Of course, in reality things are a little more complicated. Looking at the pseudocode above, we clearly see that the “IDs” are not IRIs by any means. They still have to be concatenated with their according prefix. The prefixes are stored in another table called sources, so we have to use the IDs as foreign keys to build the IRIs. Since this vignette’s intention is to give an overview over the concepts behind the conversion, we won’t go into any more detail here. Please feel encouraged to dive into the source code of export_as_rdf.R.

SKOS

SKOS is shorthand for Simple Knowledge Organization System. It is a lightweight RDF vocabulary that can be used to express knowledge organisation systems (KOS) as RDF and thus make them interoperable with the Semantic Web. Popular KOS, such as FAO Agrovoc or the UNESCO Thesaurus are expressed with SKOS.

We’ll now try to give a short introduction to the parts of SKOS that we use in this package; please also visit the SKOS reference page. It is assumed that the ontology database description document was read. From the SKOS vocabulary, we mainly use the semantic relations and the mapping properties.

The SKOS semantic relations are intended to be used to built links between concepts that are part of the expressed KOS. For this package, that means that they are only permitted between harmonised concepts. The semantic relations that are required here are skos:broader and skos:narrower. The Triple ontology:concept_A skos:broader ontology:concept_B states that concept A has the broader concept concept B. Both relations are inverse to each other. That means that if ontology:concept_A skos:broader ontology:concept_B then ontology:concept_B skos:narrower ontology:concept_A. For this very reason, we only describe one of both relations in the ontologies tables; skos:broader. In this package, the relation is indicated with has_broader in the tables harmonised classes and harmonised concepts.

The SKOS mapping properties are similar to the semantic relations, but they are used to construct relations between concepts that are part of the expressed KOS and concepts that are not part of it. For this package that means all relations between harmonised classes or concepts and external classes or concepts have to be described with the SKOS mapping properties. We support four of the SKOS mapping relations: skos:narrowMatch and skos:broadMatch have similar meanings as the semantic relations introduces above. The property skos:closeMatch indicates “two concepts that are sufficiently similar that they can be used interchangeably in some information retrieval applications” and skos:exactMatch denotes “a high degree of confidence that the concepts can be used interchangeably across a wide range of information retrieval applications”, thus it allows transitive closure.
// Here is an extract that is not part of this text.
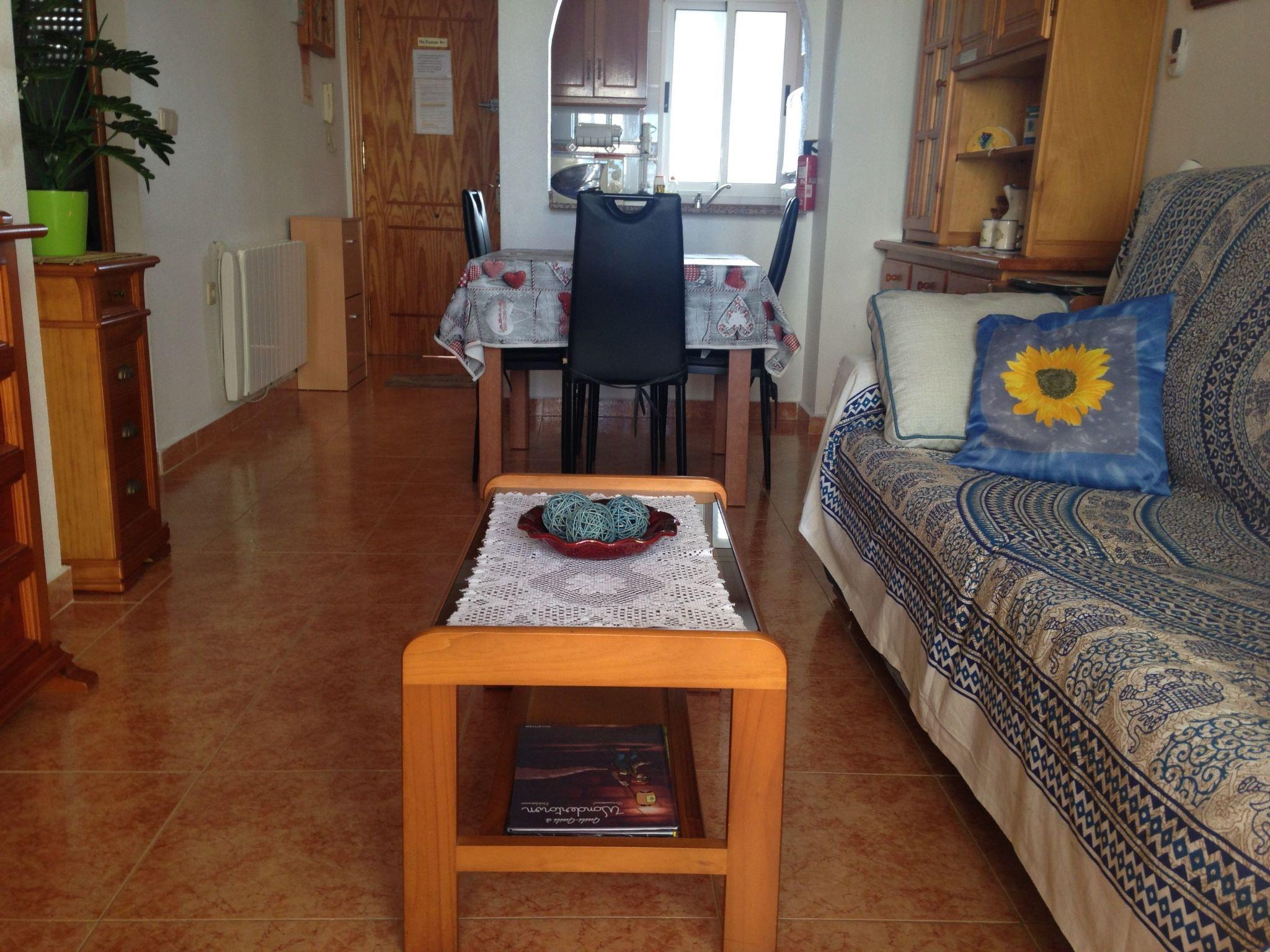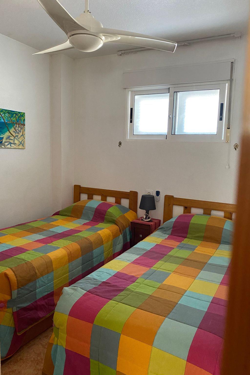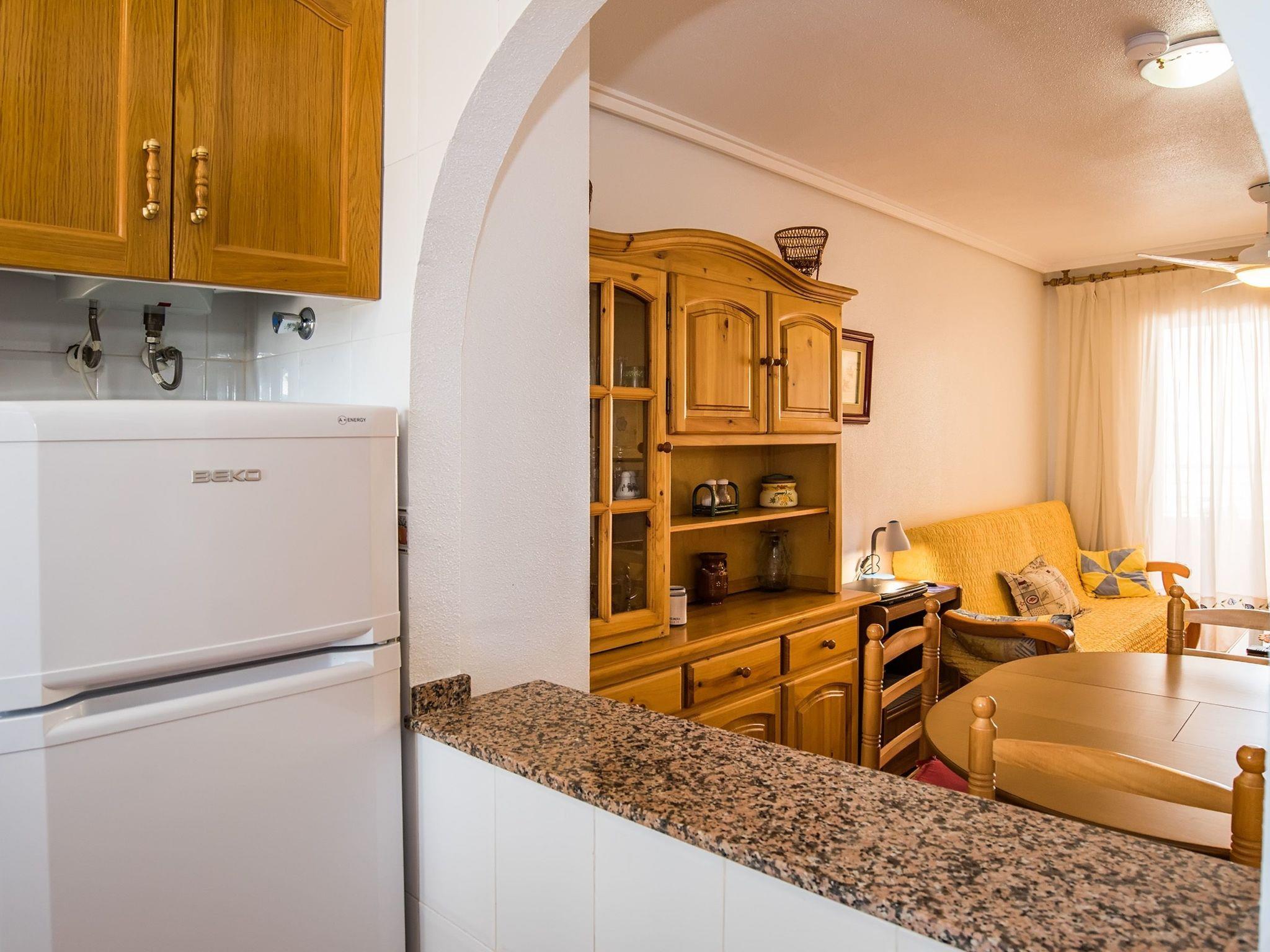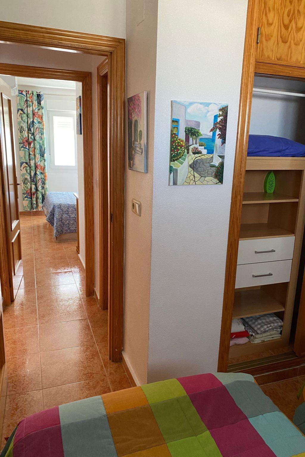 Flat with swimming pool,2 lifts,1800m from the beach,6 people max, wifi free and telesat TV Apartment Alicante Torrevieja with free internet and wifi, swimming pool, lift and communal solarium,5? floor 15 minutes walk from the sea. Easy access for disabled without wheelchair, small pets accepted. Quiet location, few people living in the building all year round. Close to shops, town centre, restaurants, bus stops and Friday morning market. Community pool and solarium, enclosed balcony with sliding windows. Electric barbecue on the balcony. Two sun loungers for sunbathing by the pool.

In this package, the mapping properties are indicated with has_narrow_match, has_broad_match, has_close_match and has_exact_match in the tables harmonised classes and harmonised concepts.

Finally, SKOS provides the property skos:inScheme that denotes that a concept is part of some KOS. In this package, the table sources administers these KOS’ (skos:Schemes). Each concept and class in this package is assigned to a certain scheme listed in the sources table. For external concepts and classes the column has_source indicates that scheme. Harmonized concepts and classes are part of the harmonized scheme, which is typically described in the first row of the sources table.

Structure of exported SKOS

In the resulting document, both the harmonized classes and concepts are explicitly instantiated as SKOS-Concepts. The harmonized classes are additionally explicitly instantiated as RDF-Classes. Every harmonized concept is instantiated as an object of its according harmonized class. External concepts and classes are not explicitly instantiated as anything, although the use of the SKOS mapping properties allows to infer that they are instances of SKOS-Concept.

Harmonized concepts relate to other harmonized concepts via the SKOS semantic relation skos:broader. Harmonized classes relate to other harmonized classes via the SKOS semantic relation skos:broader. Each harmonized concept that has a value in the class column is instantiated as a member of this class using rdf:type.

Harmonized Concepts relate to external concepts via the SKOS mapping properties. Harmonized Classes relate to external Classes via the SKOS mapping properties.